:: WHAT THE EXERCISE ASKS ::
Only the lines from the one that includes "在過去的四年多時間里,B站A" through the last line below belong in the reply, copied exactly and without pictures.

:: GIVEN INFORMATION ::
<<<<
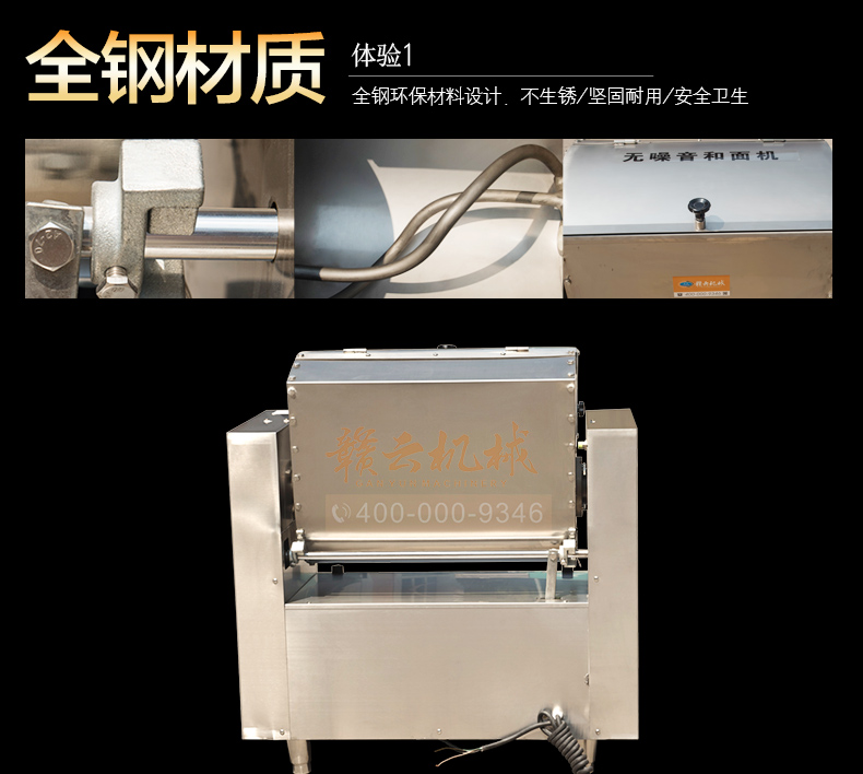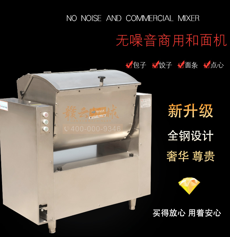 全鋼和面機(jī),工程系列50kg和面郎,整機(jī)外殼不銹鋼材質(zhì),絞龍和和面桶均為食品級不銹鋼,安全衛(wèi)生,適合中央廚房面點(diǎn)加工,面食加工廠生產(chǎn)和面攪拌之用。本系列產(chǎn)品有25kg和50kg兩種款式
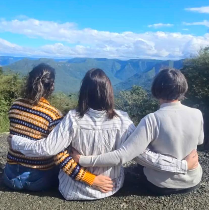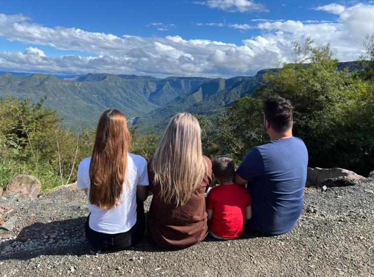 Na sexta-feira, o casal e os filhos decidiram subir a serra e conhecer os cânions. Em um dos mirantes, encontraram três mulheres — uma mãe e duas filhas — e, em um breve momento de convivência, tiraram uma foto do trio. “Elas foram muito simpáticas. A mãe arrumou o cabelo da minha filha e minha blusa para que a foto saísse bonita. Em retribuição, elas tiraram uma foto nossa também”, lembra.
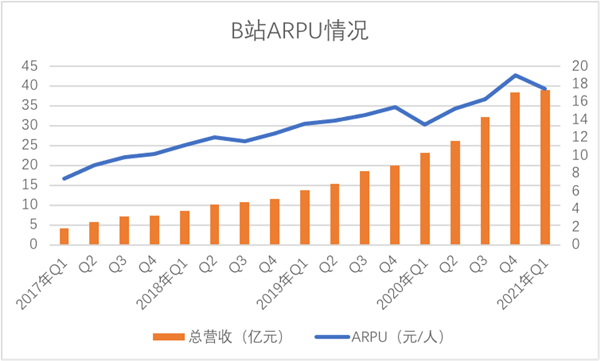在過去的四年多時間里,B站ARPU以及總營收均得到不同程度的提高,但我們也發現, 2021年Q1總營收是2017年同期10倍,與此同時,ARPU僅是兩倍有余。
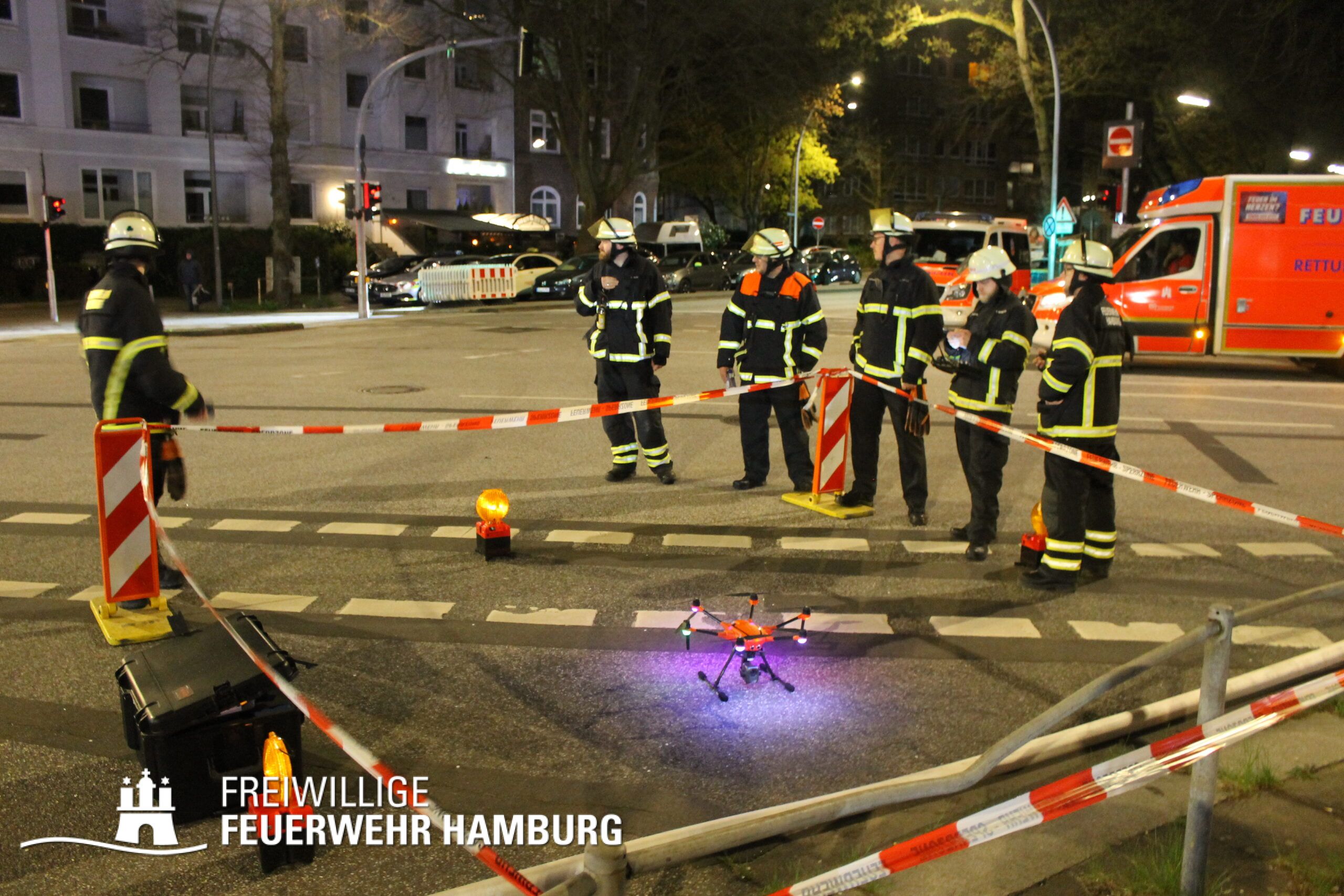 Nach etwa zwei Stunden konnte das Feuer bis auf einzelne Glutnester im Dachbereich gelöscht werden. Hierbei unterstützte die FF Eppendorf bei der Aufnahme der Dachhaut. Die FF Wandsbek-Marienthal setzte ihre Drohne mit Wärmebildkamera zur Suche von Glutnestern ein und stellte mit ihrem GW-Fernmeldeausstattung und dem Anhänger Führung und Lage Räumlichkeiten für die Einsatzleitung. Durch die FF Ottensen-Bahrenfeld wurden Snacks und Getränke an die Einsatzkräfte ausgeteilt.
>>>>
:: YOUR RESPONSE ::
在過去的四年多時間里,B站ARPU以及總營收均得到不同程度的提高,但我們也發現, 2021年Q1總營收是2017年同期10倍,與此同時,ARPU僅是兩倍有余。
 Nach etwa zwei Stunden konnte das Feuer bis auf einzelne Glutnester im Dachbereich gelöscht werden. Hierbei unterstützte die FF Eppendorf bei der Aufnahme der Dachhaut. Die FF Wandsbek-Marienthal setzte ihre Drohne mit Wärmebildkamera zur Suche von Glutnestern ein und stellte mit ihrem GW-Fernmeldeausstattung und dem Anhänger Führung und Lage Räumlichkeiten für die Einsatzleitung. Durch die FF Ottensen-Bahrenfeld wurden Snacks und Getränke an die Einsatzkräfte ausgeteilt.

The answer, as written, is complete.